The London-based Institute of Masters of Wine, which awards the titles, is selective even about who can apply, according to Conlin. It took her four and a half years to pass the three official stages involved in procuring the title; she passed the most difficult portion, Stage 2, in fall of 2018.
“Stage two is a five-day exam involving a theory portion, which is essays about viticulture, and a practical portion, which is a three-day blind tasting of 36 wines,” Conlin said. Master of Wine candidates are expected to be able to identify, at a minimum, the variety and the region of the wine, as well as the vintage, commercial appeal, quality level and winemaking for wines from classic wine regions.
Mann began his candidacy for the MW title soon after Napa Valley Wine Academy opened in 2011; it took him eight years to complete the exam. But it’s been the process, he said, not only his obtaining the title, that has redefined the way he interacts with wine professionally.
“The great thing about the process is that it required me, as a retailer and an educator, to think super broadly about the whole wine industry,” he said. The studying he had to do to earn the title, which incorporated an understanding of government regulation of wine, has helped Mann recently with importing logistics in the face of shifting industry tariffs, he said.
Mann began his career in the Napa Valley at Rutherford’s ZD Wines; he lived in the valley in 2006 and 2007 after taking a marketing job with Trinchero, before he and his wife moved to Stockton for her job at Gallo. Mann describes his teaching at Napa Valley Wine Academy as “somewhat sporadic”; he’ll teach a few times a month for periods of time, and then go a few months without teaching at all.
“They might have me teach more, now that I’m a Master of Wine,” he said, laughing. “I do feel the need to help instruct students because it’s always good to have instructors that have the retail focus.”
Given the rigor of the tests, Conlin and Mann’s passage is a feat in itself, according to Peter Marks, vice president of education for Napa Valley Wine Academy. But the fact that they’ll join the existing miniature universe of Masters of Wine in their fellow instructors makes for a truly rare set of circumstances, according to Marks, himself a Master of Wine.
“One way I like to classify this; my former boss used to say that there are fewer Masters of wine than there are astronauts,” Marks said.
Napa County is home to an almost immeasurably small fraction of a percentage of the world’s population – something in the hundred-thousandths of a percent.
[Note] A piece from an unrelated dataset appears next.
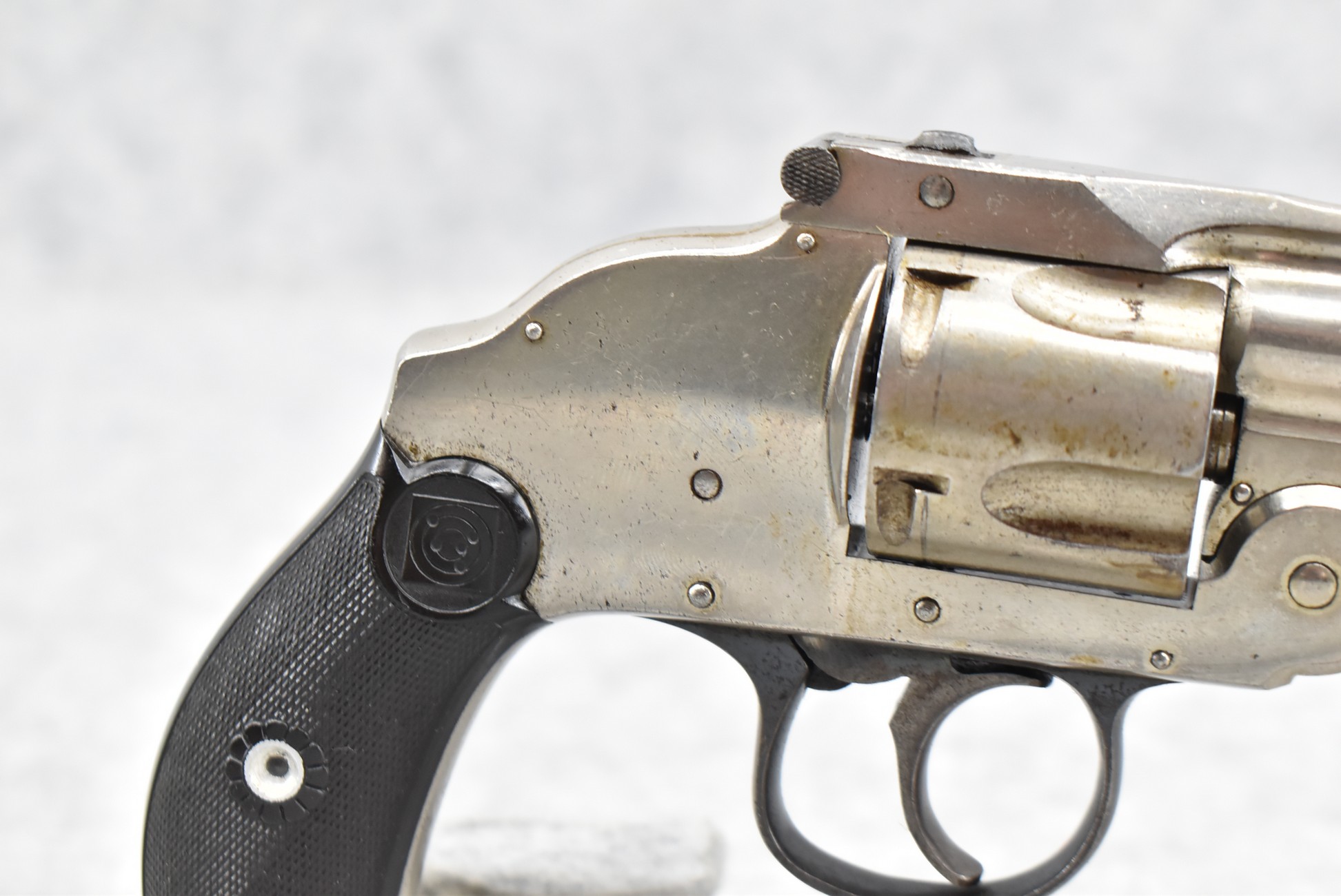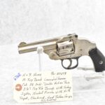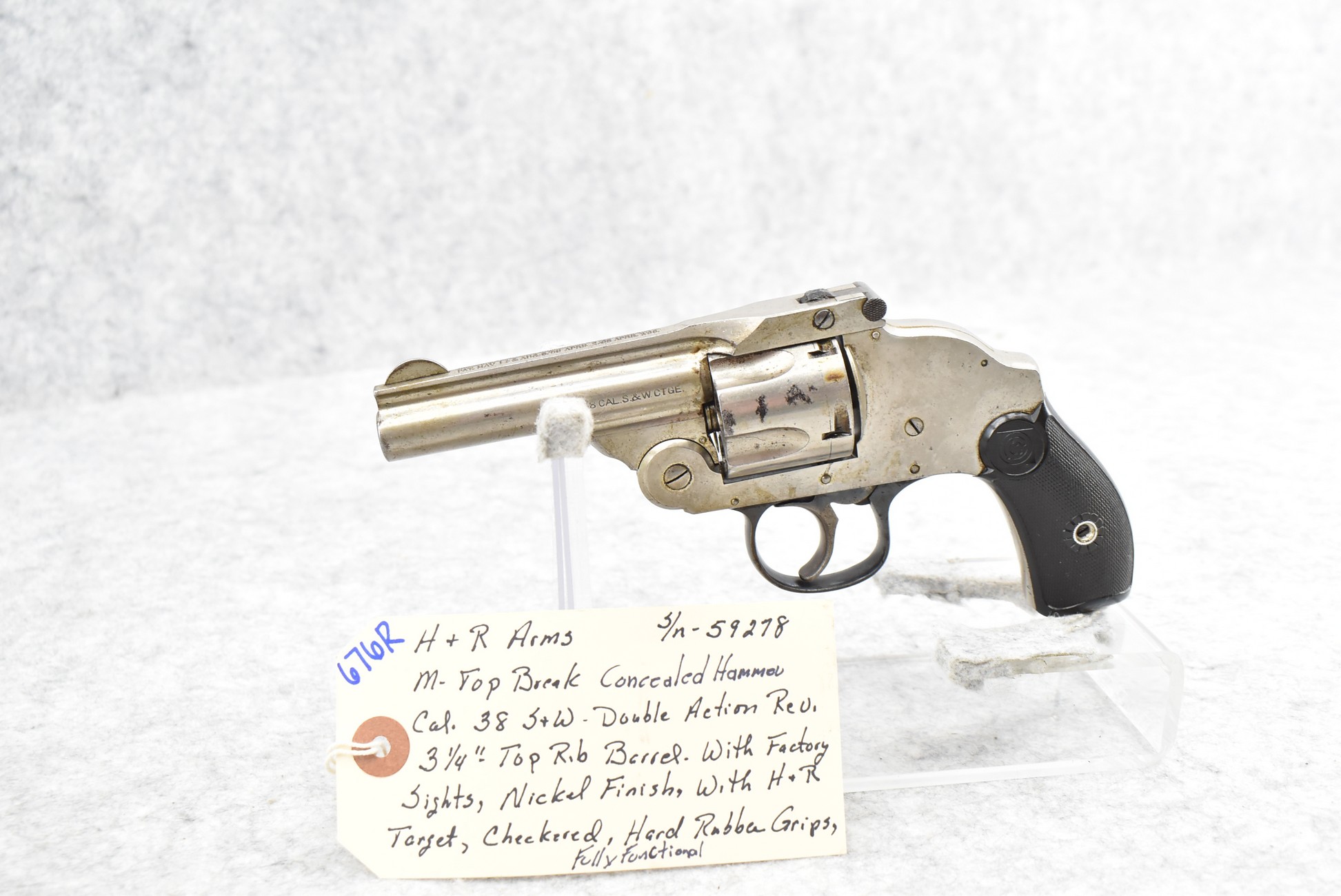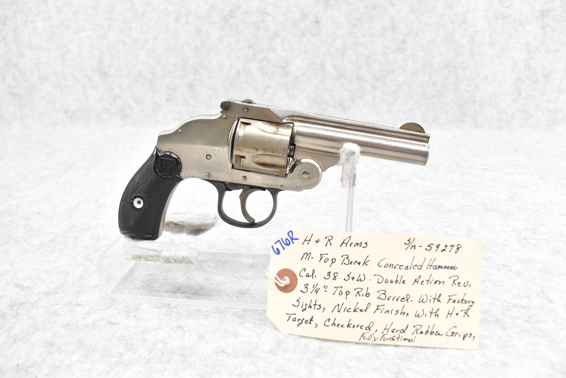 676R. H. & R. Arms – Mod. Top Break Concealed Hammer – 38 S&W Cal. Double Action Revolver – w/3 ¼” Top Rib Barrel w/Factory Sights – Nickel Finish – w/H&R Target Checkered Hard Rubber Grips – Fully Functional

Yet the academy, which caters to wine industry professionals, tourists and the wine-interested population in general, has an instructor roster that includes more than 2% of the world’s Masters of Wine at its recently updated count of nine.
“It’s significant in that Napa is the mecca of American wine,” Marks said. “And it doesn’t just pertain to MWs; you can look at the number of Master Sommeliers that reside in this area, too.”
The academy offers WSET (Wine and Spirits Education Trust) courses, another important certification in the wine industry; it also offers wine-tasting expertise crash courses for tourists interested in fine-tuning their wine knowledge ahead of their vacation in the area.
Two of the titled instructors do not reside in the Bay Area, according to Napa Valley Wine Academy co-founder Christian Oggenfus. But those who don’t, like Master of Wine Bree Boskov, who lives in Oregon, often play a hand in teaching online class.
The cluster of titles among those linked to Napa Valley Wine Academy is not a coincidence, according to Mann. A study group had formed there among Bay Area MW candidates, he said.
“Six years ago, we decided it had been too long since an American from the West Coast had passed the exam,” Mann said. “We all got together and said – we have to spend every Sunday to hone our wine tasting skills. And if you don’t do that in a group and you don’t share the cost, it can be ridiculously expensive.”
The first year the group combined their efforts, three of their members – Mary Margaret McCamic, Dave Forer and Matthew Deller – passed the second stage of the exam, historically the most prohibitive, and then eventually gained their titles. The following year, additional members passed, and the snowball has continued, according to Mann.
Conlin, who noted the demanding time commitment of MW candidacy, said the group would host one mock tasting each week. The bill for the tasting’s wines would easily run as much as $500, she said, so spitting the cost was key, as was the expertise of her peers.
“It’s obviously grueling and takes a huge commitment. It takes a lot away from your personal life and your finance, but I have met the most amazing people,” she said. “It’s a bunch who are committed to being the best at what they do.”
“The fact that the Bay Area contingency is so strong and connected feels really, really rare,” Conlin continued, citing Marks, previously the vice president of education for Constellation Brands, as an invaluable resource and praising co-founders Oggenfus and Catherine Bugue. “There are so many MWs that have passed from this Napa Group. It’s because we have this incredibly supportive community.”
Mann and Conlin will both plan to attend the official MW award ceremony, held by Institute of Masters of Wine in London, this November.